Live contract test entrypoint:

```bash
export UNDR9_SDK_LIVE_TESTS=1
export UNDR9_SDK_BASE_URL=http://127.0.0.1:8080
export UNDR9_SDK_ADMIN_API_KEY=dev-admin-key-000000000001
export UNDR9_SDK_WRITER_API_KEY=dev-writer-key-000000000001
export UNDR9_SDK_READER_API_KEY=dev-reader-key-000000000001

python -m unittest -q tests.test_live_contract
```

Packaging verification:

```bash
python -m build
python -m twine check dist/*
python scripts/verify_dist.py
```

## Notes

- Store embeddings only in the node `vectors` map.

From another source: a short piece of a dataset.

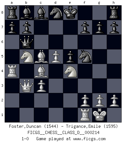 Last move : 1-0 2015 March 19 13:11:57 [Event "FICGS__CHESS__CLASS_D__000214"] [Site "FICGS"] [Date "2015.03.14"] [Round "1"] [White "Foster,Duncan"] [Black "Trigance,Emile"] [Result "1-0"] [WhiteElo "1544"] [BlackElo "1595"] 1.e4 c5 2.a3 Nc6 3.b4 cxb4 4.axb4 Nxb4 5.d4 d5 6.c3 Nc6 7.exd5 Qxd5 8.Na3 e5 9.Nb5 Bd6 10.Bc4 Qe4+ 11.Ne2 Bb8 12.O-O Nge7 13.Ng3 Qh4 14.Ra4 Qg4 15.Qb3 Qg6 16.d5 Nd8 17.Ba3 Qb6 18.Ne4 Nf5 19.Bc5 1-0 Sicilian defense Kingside Castling by player White (move 12) Player White won this chess game. Follow this game move after move (download)Morphy was probably the greatest genius of them all. (Bobby Fischer) Es gibt keine einzige Frau, der ich nicht einen Springer vorgeben könnte und trotzdem gewänne. (Robert James Fischer) Me dio la sensación de como si yo estuviera jugando en contra del mismo Ajedrez. - al estar jugando en contra de Robert Fischer (Walter Shipman) Avec des compensations pour le matériel en plus... (Anonyme) Control your own destiny or someone else will. (Jack Welch)

Do not send `properties.embedding`.
- Use `timeout` on the client constructor to bound blocking HTTP calls.
- Use `max_retries` and `retry_backoff_seconds` to enable bounded retry/backoff behavior.
- Use `connect_timeout`, `read_timeout`, `write_timeout`, and `pool_timeout` when you need per-phase timeout control instead of one shared timeout.
- Use `max_connections`, `max_keepalive_connections`, and `keepalive_expiry` to tune HTTP connection pooling for long-lived services.
- Use `headers`, `user_agent`, `http2`, `follow_redirects`, and `verify` when you need proxy, TLS, or observability-oriented transport customization.
- Retries are disabled by default and only apply to safe requests plus query POSTs unless `retry_non_idempotent_requests=True` is explicitly set.
- `AsyncUndr9Client` also accepts `timeout` and should be used as an async context manager when possible.
- Use separate reader, writer, and admin clients when you want your SDK usage to mirror the server's API-key roles.
- Use `query_stream()` when you want typed NDJSON stream frames from `/v1/query/stream`.
- Use `begin_transaction()` for snapshot transactions, then stage writes with `upsert_node()`, `upsert_edge()`, `delete_node()`, or `delete_edge()`.
- Use `transaction_query()` and `transaction_query_stream()` if you prefer direct transaction-id based helpers instead of the wrapper object.
- Use `admin_compact()`, `admin_backup()`, `admin_restore()`, `admin_repair()`, `admin_rebuild_indexes()`, `admin_integrity()`, and `admin_maintenance_status()` for maintenance and integrity workflows.
- Use `replication_status()`, `replication_history()`, `configure_as_leader()`, `configure_as_follower()`, `acknowledge_replica()`, and `apply_replication_records()` for replication workflows.
- Use `cluster_topology()`, `register_cluster_node()`, `mark_cluster_node_health()`, and `promote_cluster_node()` for cluster-topology operations.
- Use `health()`, `readiness()`, and `metrics()` for runtime observability checks.
- `SyncUndr9Client` can now be used as a context manager and closes its reusable HTTP client on exit.
- Use `vector_name` to target a named vector space for `vector_search()` and `ranked_retrieval()`.
- Use `top_k` to override the semantic candidate budget when needed.
- Use `filter_nodes()` for database-side property predicates such as `eq`, `gt`, `gte`, `lt`, `lte`, `and`, and `or`.